Granulosa cell tumor

This neoplasm, composed of closely packed cohesive clusters of medium-sized neoplastic cells with scant cytoplasm, may exfoliate its cells into the peritoneum with an effusion. Apart from solitary cells, the neoplasm may be represented by proliferation spheres and sometimes their papillary-like combinations. The hyperchromatic ovoid nuclei have fine to coarsely granular chromatin with nuclear grooves and usually small, inconspicuous nucleoli. Rosette-like cell arrangements, forming the so-called Call–Exner bodies, may be seen within the cohesive clusters.

ENDOMETRIAL CARCINOMA

Adenocarcinoma [Figure 16]

Figure 16:: Metastatic carcinoma of endometrium, pleural fluid. Papillary-like cohesive groups (blue arrow in a) of columnar cells (red arrow in d). The patient had endometrial carcinoma of endometrioid type. [a–d, PAP-stained SurePath smear (a, 10X; b, 40X; c,d, 100X).]

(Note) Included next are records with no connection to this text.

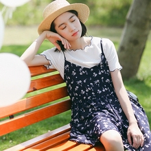 吊带连衣裙女夏装中长款碎花裙2017新款甜美背带裙裙子显瘦吊带裙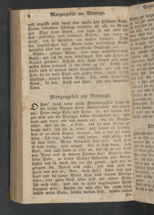 O Herr! durch deine große Barmherzigkeit fange ich mit dieſem Morgen meine Wochenarbeit von neuem an. Deine ewige Liebe und Treue, die mit deinem Se⸗ gen mich und die Meinigen bisher überſchüttet hat, gehe denn auch heute mir von neuem auf, wie die Morgen⸗ röthe! Wer bin ich, o Gott, daß du mich hierher ge⸗ bracht haſt? Ich bin ja, leider! noch immer ein Sünder, dem es an allem Ruhme mangelt, den er vor dir haben ſollte. Ich thue, leider! nicht immer, noch völlig, was ich thun ſollte. Meine Gedanken ſind eitel; mein Herz iſt bald trotzig, bald verzagt. Ach ſo ſiehe denn, mein Gott, mich auch heute ja nicht an, wie ich an mir ſelbſt von Natur und in meinen Sünden bin! Gedenke aber, lieber Vater, an deines Sohnes Gehorſam und Gerech⸗ tigkeit daß ich durch ihn vor dir gerecht, und von dir geſegnet ſey. Verlaß mich nicht, und thue nicht die Hand von mir ab, Gott, mein Heil! Lehre mich auch heute und die ganze Woche thun nach deinem Wohlge⸗ fallen; dein guter Geiſt führe mich auf ebener Bahn. Ich weiß nicht, was mir in dieſer angefangenen Woche begegnen wird: Behüte du mich aber vor allem Uebel, behüte meine Seele, behüte meinen Leib, behüte wesnen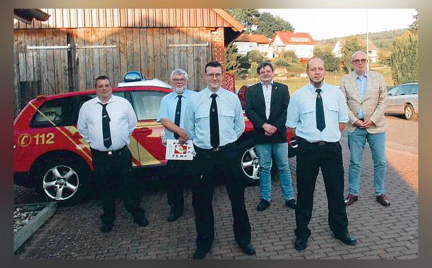[Bild v.l.n.r: 1. stellv. SBI Carsten Schmidt, 1. Vorsitzender Ottmar Weiß, stellv. Wehrführer Oliver Martin, Stadtrat Rolf-Peter Stein, Wehrführer Björn Plumhoff, Stadtverordnetenvorsteher Michael Refflinghaus]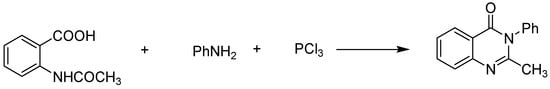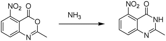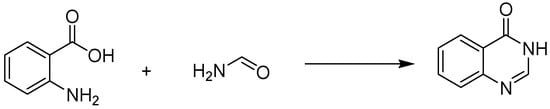 - Meyer, J.F.; Wagner, E.C. The Niementowski reaction. The use of methyl anthranilate or isatoic anhydride with substituted amides or amidines in the formation of 3-substituted-4-keto-3,4-dihydroquinazolines. The course of the reaction. J. Org. Chem. 1943, 8, 239–252. [Google Scholar] [CrossRef]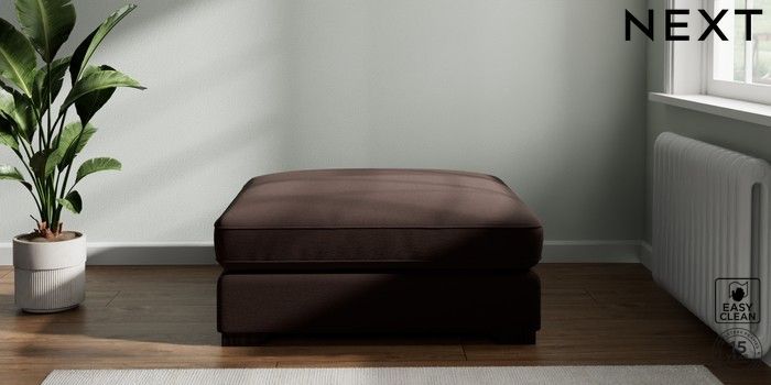 7.2.10 Stamford Grand Relaxed Sit Extra Large Footstool Fine Chenille Easy Clean Chocolate Brown Square Angle - Dark | Made Click here to use our website with more accessibility support, for example screen readers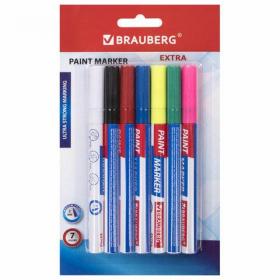 Маркер-краска лаковый EXTRA (paint marker) 2 мм, НАБОР 7 цветов, УСИЛЕННАЯ НИТРО-ОСНОВА, BRAUBERG, 151996

The loosely cohesive to closely packed groups of mediumsized carcinoma cells with relatively scant cytoplasm in papillary-like configurations may show some morphologic overlap with reactive mesothelial cells on the one hand, and well-differentiated adenocarcinoma on the other [see Figure 16]. The secretory variant may have vacuolated cytoplasm. Their hyperchromatic, oval nuclei show fine to coarsely granular chromatin, generally with inconspicuous nucleoli.

Clear cell carcinoma

Cohesive clusters of large carcinoma cells with well-defined cell borders imparting a honeycomb appearance are present. Three-dimensional proliferation spheres may also be present. The cells have a large amount of clear cytoplasm with round to oval hyperchromatic nuclei, coarsely granular chromatin, and frequently prominent nucleoli. The abundant, glycogen-rich, clear cytoplasm of these vacuolated carcinoma cells is better highlighted in DQ and other Romanowsky-stained smears.

Mixed Müllerian tumor

This endometrial neoplasm may demonstrate a mixture of both carcinomatous and sarcomatous components in various proportions. Because of the relative inability of well-differentiated sarcomas to exfoliate into effusions, a sarcomatous component is usually scant or absent in such effusions. Poorly differentiated sarcoma cells may be present in the effusion fluids. However, the surface tension related phenomenon modifies the morphology of most of the sarcoma cells in the effusion fluids into polyhedral shapes. Due to this, it may not be possible to interpret them morphologically as sarcoma cells.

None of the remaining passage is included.